Always reconstruct the signed payload from the raw request body — re-serialising parsed JSON will not round-trip and the signature will not match.
Node.js (TypeScript)
import { createHmac, timingSafeEqual } from 'node:crypto'
export function verifyLynkistSignature({
rawBody,
timestamp,
signatureHeader,
secret,
}: {
rawBody: string
timestamp: string
signatureHeader: string // e.g. "sha256=abc..."
secret: string
}): boolean {
const expected = 'sha256=' + createHmac('sha256', secret)
.update(`${timestamp}.${rawBody}`)
.digest('hex')
const a = Buffer.from(expected)
const b = Buffer.from(signatureHeader)
return a.length === b.length && timingSafeEqual(a, b)
}Python
import hmac, hashlib
def verify_lynkist_signature(raw_body: bytes, timestamp: str, signature_header: str, secret: str) -> bool:
expected = "sha256=" + hmac.new(
secret.encode(),
f"{timestamp}.".encode() + raw_body,
hashlib.sha256,
).hexdigest()
return hmac.compare_digest(expected, signature_header)Verify before you trust. Without signature checking, anyone who guesses your endpoint URL can
POST fake events. Reject any request whose signature does not match — and consider rejecting
any request whose X-Lynkist-Timestamp is more than a few minutes old to thwart replay
attacks.
Retries
If your endpoint returns a non-2xx response or does not reply within 10 seconds, the delivery is retried on this fixed back-off curve:
| Attempt | Delay before this attempt |
|---|---|
| 1 | — (initial) |
| 2 | 1 min |
| 3 | 5 min |
| 4 | 30 min |
| 5 | 2 hr |
| 6 | 6 hr |
After the 6th failed attempt the delivery is marked abandoned. The delivery row stays
queryable via the Webhook management API for replays and audits.
After 20 consecutive failures across an endpoint (any combination of deliveries), the
endpoint itself is auto-disabled — its is_active flag flips to false and no further
events are queued for it. Reactivate by editing the endpoint via the API or dashboard.
Best practices
- Return 2xx fast. Acknowledge the event, then process asynchronously. A slow handler triggers unnecessary retries and burns through your error budget.

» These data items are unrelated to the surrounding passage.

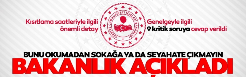 Bakanlık genelgesinde madde madde sıralanan düzenlemelerin içerisinde seyahat kısıtlamaları ve sokağa çıkma yasağı maddeleri önemli sorulara açıklık getirdi. Bu kapsamda bu sabah gelen son dakika açıklamasıyla İçişleri Bakanlığı tarafından genelgeye ilişkin 9 kritik soru cevaplandırıldı. İşte o sorular ve genelgedeki diğer ayrıntılar:
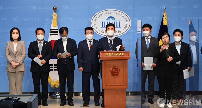 [서울=뉴스핌] 최상수 기자 = 김진표(왼쪽 다섯번째) 더불어민주당 부동산특위 위원장이 10일 오전 국회 소통관에서 주택시장 안정을 위한 추가 공급대책을 발표하고 있다. 2021.06.10 kilroy023@newspim.com
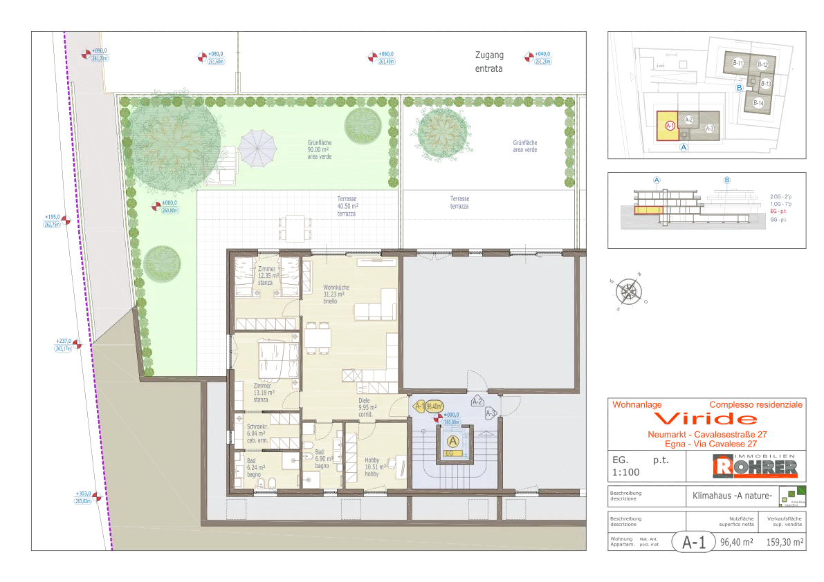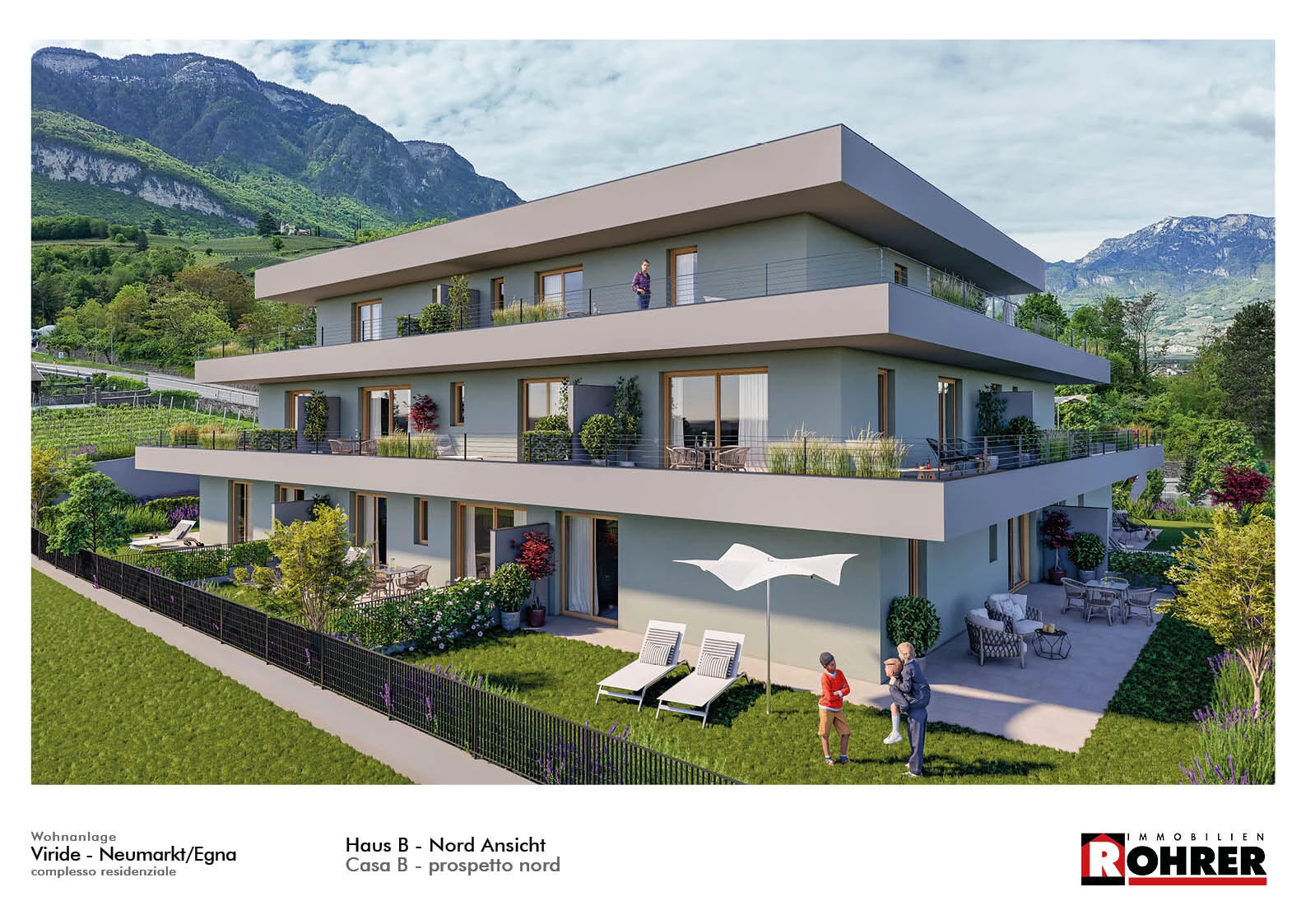 In traumhafter sonniger Panoramalage mit freiem Ausblick ins Etschtal, realisiert der Bauträger Rohrer Immobilien die Wohnanlage „Viride“, welche im modernen Baustil errichtet wird. Gute Anbindung zu den öffentlichen Verkehrsmitteln und an die Fahrradwege. Auch wegen seiner ruhigen, idyllischen Lage ist Neumarkt zu einem beliebten Wohn- und Ferienort geworden.

- Verify the signature. Always — even for "internal" endpoints behind a firewall.
- Deduplicate on the envelope
id. Network conditions can deliver the same event more than once. - Subscribe selectively. Pick the event types you actually use; you can always add more
later by
PUTing the endpoint. - Test with
POST /webhooks/{id}/test. This emits awebhook.testenvelope and is the cleanest way to validate your signature code end-to-end. - Reactivate auto-disabled endpoints carefully. If we disabled an endpoint, something at your end was repeatedly broken. Fix it before flipping the flag.